- [WHAT YOU SHOULD DO]:
Print each entry again exactly as written, and keep the pictures out.

Records drawn from a dataset:
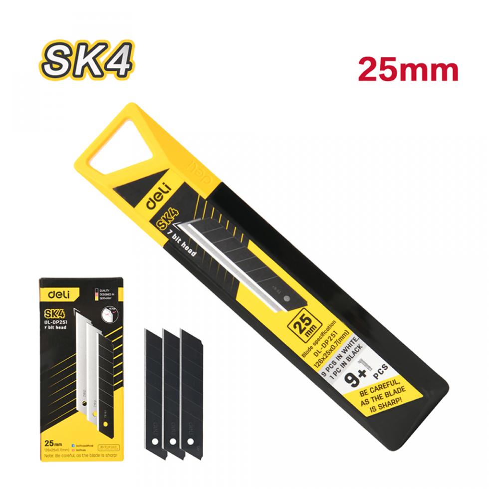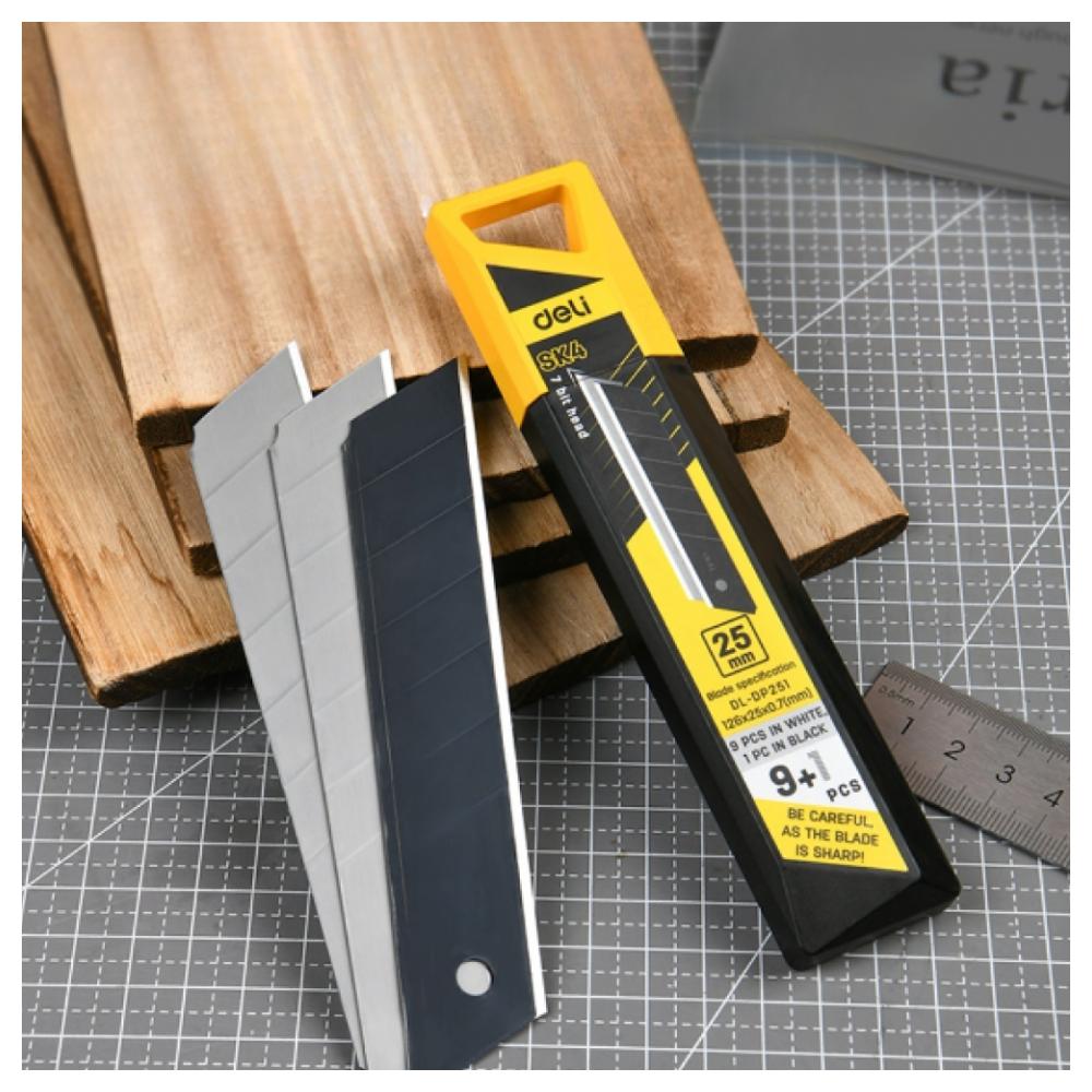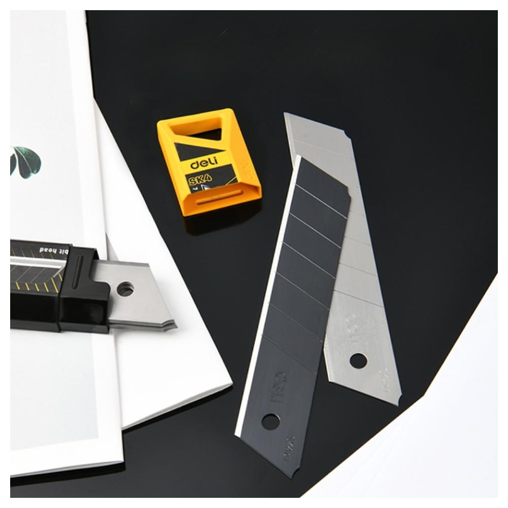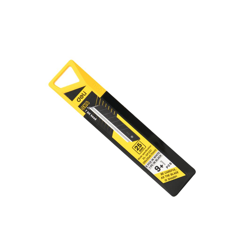Лезвия изготовлены из прочной стали SK4, что обеспечивает увеличение срока службы на 50%. Благодаря термообработке достигается высокая твёрдость и износостойкость режущей кромки. Антикоррозийное покрытие защищает лезвия от ржавчины и продлевает срок их эксплуатации. В комплект входят 1 чёрное и 9 серебристых лезвий. Упакованы в цветную коробку. Тип лезвия сегментированное Серия Yellow Series (Deli) Ширина лезвия (мм) 25
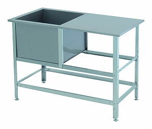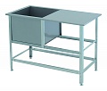Ванна моечная ВСМС-Б-1.600-1350.700-02 - серии Бюджет используется на предприятиях общественного питания и торговли для мойки продуктов, посуды и прочего кухонного инвентаря. Сварная ванна выполнена из нержавеющей стали AISI 430 толщиной 0,8 мм, каркас - из оцинкованной стали толщиной 1,2 мм, ножки - из нержавеющей стали, опора ножек - из пластика.
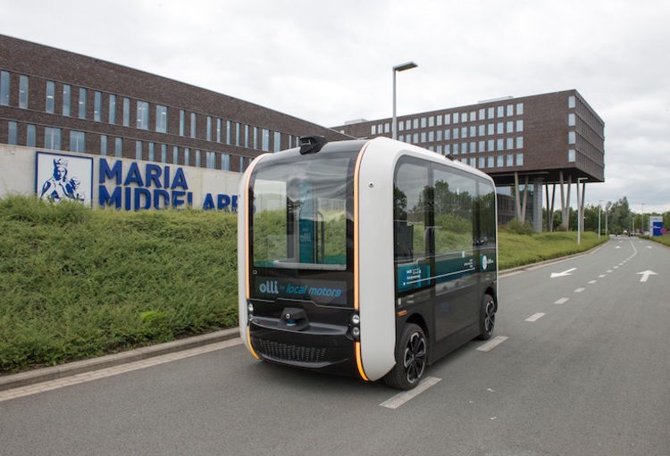 Olli 2.0 kan binnen een geo-afgebakende zone zelfstandig en dynamisch de route afleggen. Bovendien past hij die aan in functie van gedetecteerde obstakels en andere weggebruikers.
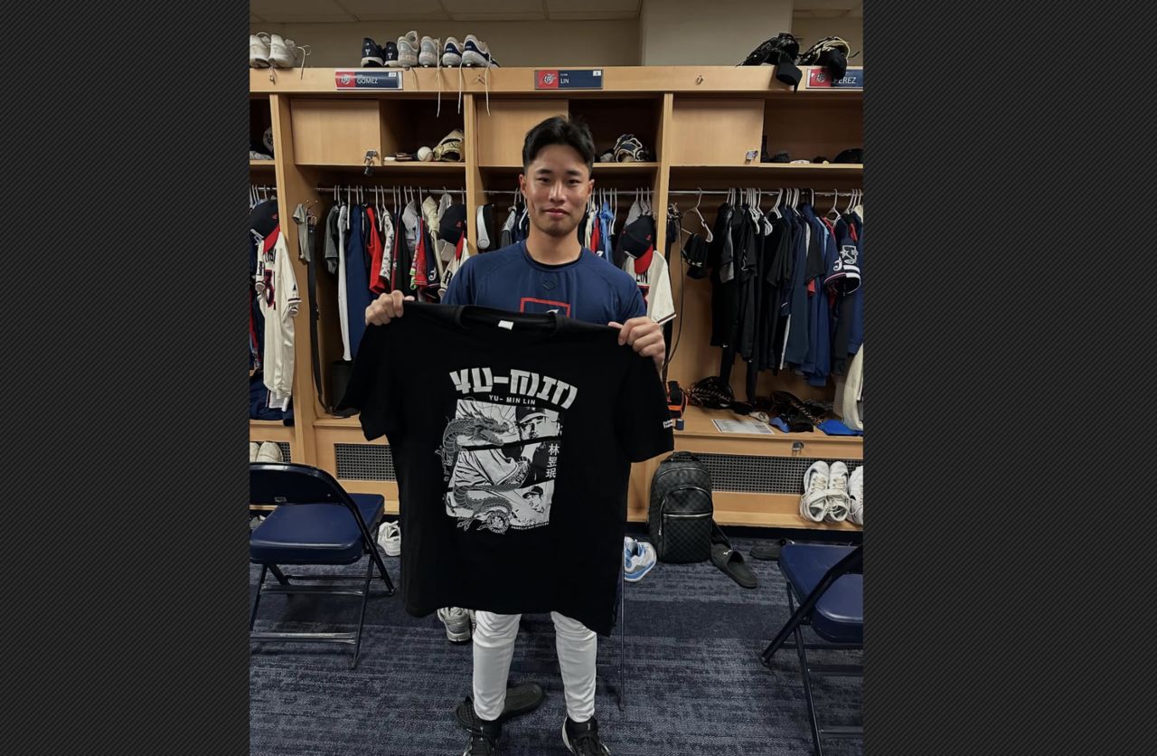台灣的左投手林昱珉站在個人置物櫃前,雙手舉著一件黑色的專屬紀念T-shirt,T-shirt 上印有他名字「YU-MIN LIN」、「林昱珉」以及極具漫畫風格的個人投球圖樣與龍形圖騰設計,展現濃厚的亞洲文化元素。
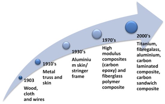 In the manufacturing of airframe structures, advanced materials and processes have led to their evolution from simple wood truss structures to today’s sleek aerodynamic flying machines. Aligned with technology development, the airframe structure design required the materials to be lightweight, high toughness, high strength, corrosion resistance, easy reparability and reusability, less maintenance, and durability []. Figure 2 depicts the evolution of material used in airframe structure until now.
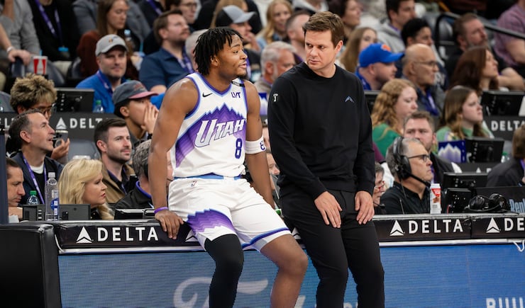 Utah Jazz guard Isaiah Collier (8) and Utah Jazz head coach Will Hardy talk at the scorers table as the Jazz and Knicks play at the Delta Center in Salt Lake City, on Wednesday, March 11, 2026. | Scott G Winterton, Deseret News

- [YOUR SOLUTION]:
Лезвия изготовлены из прочной стали SK4, что обеспечивает увеличение срока службы на 50%. Благодаря термообработке достигается высокая твёрдость и износостойкость режущей кромки. Антикоррозийное покрытие защищает лезвия от ржавчины и продлевает срок их эксплуатации. В комплект входят 1 чёрное и 9 серебристых лезвий. Упакованы в цветную коробку. Тип лезвия сегментированное Серия Yellow Series (Deli) Ширина лезвия (мм) 25
Ванна моечная ВСМС-Б-1.600-1350.700-02 - серии Бюджет используется на предприятиях общественного питания и торговли для мойки продуктов, посуды и прочего кухонного инвентаря. Сварная ванна выполнена из нержавеющей стали AISI 430 толщиной 0,8 мм, каркас - из оцинкованной стали толщиной 1,2 мм, ножки - из нержавеющей стали, опора ножек - из пластика.
 Olli 2.0 kan binnen een geo-afgebakende zone zelfstandig en dynamisch de route afleggen. Bovendien past hij die aan in functie van gedetecteerde obstakels en andere weggebruikers.
台灣的左投手林昱珉站在個人置物櫃前,雙手舉著一件黑色的專屬紀念T-shirt,T-shirt 上印有他名字「YU-MIN LIN」、「林昱珉」以及極具漫畫風格的個人投球圖樣與龍形圖騰設計,展現濃厚的亞洲文化元素。
 In the manufacturing of airframe structures, advanced materials and processes have led to their evolution from simple wood truss structures to today’s sleek aerodynamic flying machines. Aligned with technology development, the airframe structure design required the materials to be lightweight, high toughness, high strength, corrosion resistance, easy reparability and reusability, less maintenance, and durability []. Figure 2 depicts the evolution of material used in airframe structure until now.
 Utah Jazz guard Isaiah Collier (8) and Utah Jazz head coach Will Hardy talk at the scorers table as the Jazz and Knicks play at the Delta Center in Salt Lake City, on Wednesday, March 11, 2026. | Scott G Winterton, Deseret News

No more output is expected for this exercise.